While the central bank could continue to snap up assets like this for quite some time, Fed policymakers acknowledge that its economic effect is slowly diminishing. Some, like Fisher, warn that it may even cause inflation problems.
As the Fed runs thin on policy options, the U.S. economy has lagged the 2.5 percent gross domestic growth rate needed over several quarters to make substantial headway cutting the jobless rates. GDP growth was 2.7 percent in the third quarter, up from 1.3 percent in the second quarter.
U.S. political leaders, meanwhile, are trying to broker an agreement to avoid the fiscal cliff, which threatens to send the world’s biggest economy back into recession.
On Thursday, U.S. Treasury Secretary Timothy Geithner began a round of meetings with congressional leaders from both parties amid signs the market-rattling uncertainty about the outcome of talks could go down to the wire.
Another uncertainty facing both the economy and the Fed is the after-effects of deadly superstorm Sandy, which hit New Jersey, New York and other nearby states in late October.
Dudley, whose Fed bank oversees the hard-hit region, estimated the storm would likely shave 0.25 to 0.5 of a percentage point from fourth-quarter U.S. GDP growth. The rebuilding will continue well into next year, “providing for somewhat stronger growth than otherwise would have been the case,” he added.
In September, when it launched QE3, the Fed said the bond-buying would continue until there is a substantial improvement in the labor market outlook.
“I will be assessing the employment and inflation outlook in order to determine whether we should continue Treasury purchases into 2013,” Dudley said on Thursday.
The U.S. jobless rate has fallen from 8.3 percent in July, and from 8.9 percent a year ago. The country has had a decent few months of job growth, and added a better-than-expected 171,000 new non-farm jobs last month.
In its Beige Book report on Wednesday, the Fed said the U.S. economy had performed at a “measured” pace in recent weeks and hiring remained modest.
“Monetary policy provides simply the fuel, but the incentive has to come from our fiscal authorities,” Fisher said.
“The gas tank is full (with liquidity) and now we have to get someone to ... step on the accelerator to propel the job-creating machine in the United States,” he added. “There is a limit to what a monetary authority can do. All we can do is provide liquidity.”
The Fed has kept its key interest rate near zero since late 2008, and expects to keep it there for at least another two-and-a-half years. Answering questions from university students, Dudley said the Fed would “absolutely” remove that accommodation when “the time is right.”
But he warned that, if the cliff is not addressed, the economic contraction is likely to be larger than normal because interest rates are so low.

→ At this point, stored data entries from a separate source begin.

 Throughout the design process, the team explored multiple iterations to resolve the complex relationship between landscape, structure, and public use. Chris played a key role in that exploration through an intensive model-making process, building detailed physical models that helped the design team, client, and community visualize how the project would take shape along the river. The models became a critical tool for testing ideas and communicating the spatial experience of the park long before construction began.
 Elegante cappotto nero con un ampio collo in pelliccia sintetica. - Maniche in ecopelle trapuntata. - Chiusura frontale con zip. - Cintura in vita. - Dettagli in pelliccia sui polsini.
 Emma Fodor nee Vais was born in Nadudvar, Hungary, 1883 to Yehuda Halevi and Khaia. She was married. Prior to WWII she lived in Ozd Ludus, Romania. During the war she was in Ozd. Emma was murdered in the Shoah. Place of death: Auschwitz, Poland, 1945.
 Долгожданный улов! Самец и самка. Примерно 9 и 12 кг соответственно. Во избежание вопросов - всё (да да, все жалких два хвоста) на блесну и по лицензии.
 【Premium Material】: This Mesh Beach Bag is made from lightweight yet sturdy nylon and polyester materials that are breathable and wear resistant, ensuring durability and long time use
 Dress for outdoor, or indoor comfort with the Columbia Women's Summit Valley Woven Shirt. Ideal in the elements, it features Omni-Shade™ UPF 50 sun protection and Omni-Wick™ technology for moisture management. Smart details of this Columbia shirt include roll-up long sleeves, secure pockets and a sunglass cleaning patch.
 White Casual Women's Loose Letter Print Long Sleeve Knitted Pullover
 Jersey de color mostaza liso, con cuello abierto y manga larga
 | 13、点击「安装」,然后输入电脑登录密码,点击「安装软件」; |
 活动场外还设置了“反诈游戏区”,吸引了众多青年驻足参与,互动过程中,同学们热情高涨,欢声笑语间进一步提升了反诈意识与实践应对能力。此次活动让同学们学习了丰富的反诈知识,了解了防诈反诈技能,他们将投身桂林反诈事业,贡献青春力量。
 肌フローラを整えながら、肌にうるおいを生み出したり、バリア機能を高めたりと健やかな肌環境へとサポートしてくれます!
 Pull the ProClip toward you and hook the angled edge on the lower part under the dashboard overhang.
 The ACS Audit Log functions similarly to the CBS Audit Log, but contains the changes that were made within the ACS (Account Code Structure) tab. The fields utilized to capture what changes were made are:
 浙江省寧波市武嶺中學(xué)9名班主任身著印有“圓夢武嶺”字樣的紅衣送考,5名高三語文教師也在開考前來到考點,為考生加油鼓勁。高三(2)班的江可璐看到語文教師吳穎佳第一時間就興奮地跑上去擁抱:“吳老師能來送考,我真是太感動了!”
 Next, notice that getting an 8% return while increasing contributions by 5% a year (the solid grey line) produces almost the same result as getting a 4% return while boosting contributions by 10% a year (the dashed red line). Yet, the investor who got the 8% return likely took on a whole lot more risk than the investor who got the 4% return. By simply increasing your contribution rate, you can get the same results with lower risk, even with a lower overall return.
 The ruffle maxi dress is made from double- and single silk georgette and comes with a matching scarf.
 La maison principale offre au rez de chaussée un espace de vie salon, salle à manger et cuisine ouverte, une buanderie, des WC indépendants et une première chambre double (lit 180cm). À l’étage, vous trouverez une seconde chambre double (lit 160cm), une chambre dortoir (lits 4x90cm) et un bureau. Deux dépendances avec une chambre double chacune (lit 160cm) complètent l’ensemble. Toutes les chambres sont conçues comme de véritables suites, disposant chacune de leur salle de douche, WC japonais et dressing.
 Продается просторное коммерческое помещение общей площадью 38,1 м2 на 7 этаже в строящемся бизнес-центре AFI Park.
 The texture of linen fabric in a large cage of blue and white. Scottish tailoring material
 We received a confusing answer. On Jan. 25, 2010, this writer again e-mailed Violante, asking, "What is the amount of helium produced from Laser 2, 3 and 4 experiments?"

Turning to inflation, Dudley said underlying inflation, compensation trends, and longer-term expectations for prices are “fully consistent” with the Fed’s 2-percent inflation target.
“Let me reiterate that the Fed will promote maximum employment and price stability to the greatest extent our tools permit, and we will stay the course,” Dudley said.
“When we achieve a stronger recovery in the context of price stability, I’ll view it as consistent with our goals and not a reason to pull back on our policies prematurely.”